Books started appearing. I'm not qualified to judge his contributions to the study of Irish literature and culture. I know he worked hard at understanding Yeats and other luminaries of the Twilight; he also punched his way through Joyce, even into Finnegans Wake, and could quote Beckett endlessly. His head was full of Irish literary tags. When I'd see him in Toronto, we'd go out for a jar. Say we headed home at midnight, Robert might solemnly intone: "At midnight on the Emperor's pavement flit/ Flames that no faggot feeds, not steel has lit"-then go on to the end of that lovely poem that no-one understands. (He claimed he understood it.)
Let me mention two of his academic books: The Celtic Consciousness, which won an American award in 1982; and The Untold Story (co-edited with Lorna Reynolds), published in 1988, about the Irish in Canada. This second book has a number of fine scholarly pieces. Robert's own contributions, including a selection from his speeches, have the customary ingredients: vatic pronouncements, quotations from the eminent, highly symbolic reachings for effect. He also wrote poetry. He wrote a family history of the O'Driscolls, which I think is one of the funniest books ever written about Newfoundland.

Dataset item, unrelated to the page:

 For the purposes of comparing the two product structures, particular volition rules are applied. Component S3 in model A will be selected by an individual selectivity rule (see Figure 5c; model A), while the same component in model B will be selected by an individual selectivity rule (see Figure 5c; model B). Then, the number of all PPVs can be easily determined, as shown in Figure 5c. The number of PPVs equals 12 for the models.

Academe, as he came to see, is more than theatre. The Irish didn't want a Canadian saviour. And did Canada really need Celtic Studies? The O'Driscoll sun had to set. He got sick; he thought himself surrounded by enemies. In his illness, he came to think that Jews were numbered amongst them. I don't know where he got this stupid idea. I can attest that there was no anti-Semitism in the old O'Driscoll I knew.
People lost patience with him. I did, too.

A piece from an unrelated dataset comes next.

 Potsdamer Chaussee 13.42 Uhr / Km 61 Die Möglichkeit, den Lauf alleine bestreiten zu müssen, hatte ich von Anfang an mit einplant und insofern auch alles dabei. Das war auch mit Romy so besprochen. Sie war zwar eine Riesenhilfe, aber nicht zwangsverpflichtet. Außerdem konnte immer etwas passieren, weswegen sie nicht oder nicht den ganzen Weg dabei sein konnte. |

"They mount, they shine, evaporate, and fall," Dr. Johnson wrote of politicians. This happens to academics also. O'Driscoll fell hard. He had little happiness in late years. But in his last letter to me, at Christmas, he wrote that he was "set up in an elegant apartment; as I write I look out over the whole six-mile sweep of Dublin Bay towards Howth Head (and environs as JJ has it) and then from one of my windows I catch a six-mile sweep of the Wicklow mountains. Hard at work, splicing together two books.."
That has a note of joy in it. He would soon go to Iran, he wrote. Then India.
I grieve for him, and will miss him the rest of my life.

Patrick O'Flaherty lives in St. Phillips, Newfoundland.